Illustration by Ena Goquiolay

April Fool's Day and Easter are eggs in one basket

By 
  • March 29, 2018

Easter and April Fool’s has comically synced up this year which means Christians are bracing themselves for every Easter pun in the book. 

However, having Easter and April Fool’s on the same day may be more than coincidence. These two dates are linked for a very Christian reason. 

It is hard to pin down the true origins of this international day of practical jokes, but one of the most popular theories of the origins of April Fool’s Day traces back to the Catholic Church in the 16th century. 

Pope Gregory XIII instituted the Gregorian calendar in 1582 to replace the Julian calendar established by Julius Ceasar in 46 B.C. Because the Roman emperor’s old system miscalculated the solar year, Easter fell further away from the spring equinox with each passing year. The pope’s reformed calendar attempted to restore Easter to the time of year that it was celebrated when introduced by the early Church. 

The transition between the calendars was not a smooth endeavour. The Gregorian calendar moved the new year from the end of March to the first of January. People who continued to celebrate in March were said to be mocked as “April fools.” 

Alexander Andrée, professor and co-ordinator of Medieval Studies at University of St. Michael’s College at University of Toronto, said the transition from the Julian to the Gregorian calendar was a messy time in the Middle Ages. 

Although many Catholic countries, such as Italy, Spain, France and Poland, adopted the Gregorian calendar fairly quickly, far more nations resisted. The last country to adopt the calendar was Turkey in 1926. 

For Pope Gregory XIII, Andrée said the most important goal for the Church was to figure out the day of Easter. 

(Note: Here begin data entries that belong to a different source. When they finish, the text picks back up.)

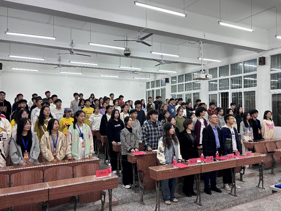 (全体师生齐唱国歌)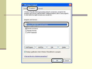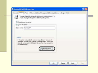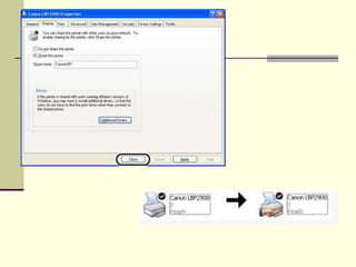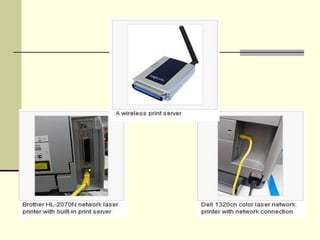 A print server manages print requests and printer queue status information. It connects printers to client computers over a network, accepting print jobs and sending them to the appropriate printers. Print servers support protocols like Internet Printing Protocol (IPP) and Line Printer Daemon protocol (LDP). They can be networked computers or dedicated devices. Setting up a network printer involves configuring the printer's network settings and sharing it with other devices on the network or through cloud printing.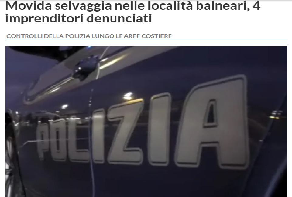 Movida selvaggia nelle località balneari del Trapanese, 4 gestori di lidi e bar denunciati per gravi violazioni: la Polizia ha passato al setaccio le attività dell’area costiera ed ha trovato di tutto… dai bar e lidi trasformati in discoteche, alla musica a palla che disturbava la quiete pubblica. I controlli sono stati portati avanti nel corso del mese di luglio coinciso con il potenziamento dell’attività della Polizia di Stato per la prevenzione e repressione degli illeciti penali ed amministrativi. In particolare grande attenzione è stata posta alle violazioni alle prescrizioni imposte dalle autorizzazioni di Polizia rilasciate dal questore della provincia di Trapani.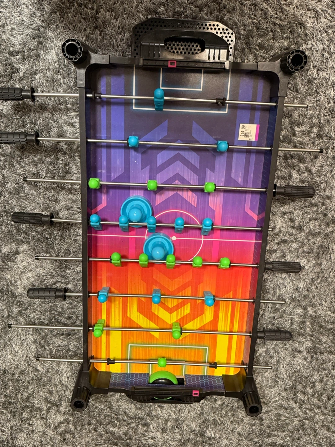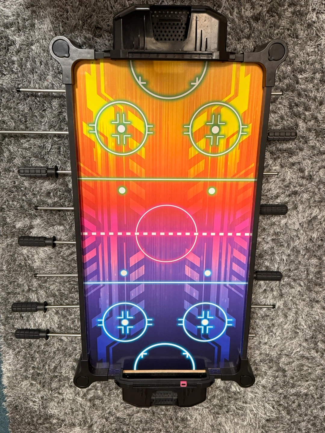 This compact foosball table features a vibrant hockey arena design. It's great for some quick tabletop fun! Includes all players and pucks.

“I’m sure there were lots of confusion when that happened,” he said. “I think the most important thing for Christians in the Middle Ages was to calculate the dates of Easter and they did that with astronomical observations and tables.” 

Andrée said there are many theories that link April Fool’s Day and the Christian traditions of Easter. Another theory he encountered traces back to the  medieval French tradition called “Poisson d’Avril” or “April Fish” — which is still the French term for April Fools’ Day today.

“In one of the oldest forms that this trick took, several persons would conspire to send the victim on a fool’s errand from conspirator to another... so the person with the fish on his back would be sent out on a fool’s errand,” said Andrée.

The April Fish has evolved across other countries in Europe and is now more commonly recognized as the “Kick Me” sign gag. 

Andrée said that this holiday was held as a counterpart to a religious feast celebrated in medieval France. April 1 was marked in Christian tradition as the day that Jesus began His public ministry, which Andrée said might explain the fish as it was an early symbol of Christ. 

“On the one hand you have the tradition that Christ began His ministry on April 1 and then of course, that’s the day that you begin to joke with each other. It’s a typical medieval thing,” said Andrée. 

He said this duality between serious and fun can be seen in many different forms during the Middle Ages. In studying serious theological texts, Andrée said it was common to see small drawings and caricatures in the margins. 

If another theory is to be believed, April Fool’s Day might be traced back far earlier than the 1500s. From the fifth to 16th centuries, a medieval festival called Festus Fatuorum, or Feast of Fools, evolved out of a Roman pagan tradition of Saturnalia. According to folklore, Saturn (the Lord of Misrule) reigned on this day of the winter festival, which allowed people to play with reversing social roles and dressing in costume. 

American folklorist Jack Santino wrote that Church officials originally encouraged the celebration because they believed it helped “release pent-up anti-clerical sentiment among the people.” But by the 15th century, the feast became too raucous and was banned. 

“They call it a ventilation feast. You kind of ventilate the frustrations you have over the years with people in high positions and you get a chance to take it out on them as it were,” said Andrée. 

Earlier still, there are theories that suggest biblical roots for April Fool’s Day. 

One theory traces the tradition to the story of Noah’s Ark. April Fool’s is thought to commemorate when Noah sent a bird out on a “fool’s errand” to search for land. 

A second theory suggests that the date points to the story of Jesus being sent from Pilate to Herod and then back again to Pilate. 

Suffice to say, April Fool’s has been a part of Christian culture and world culture for a long time.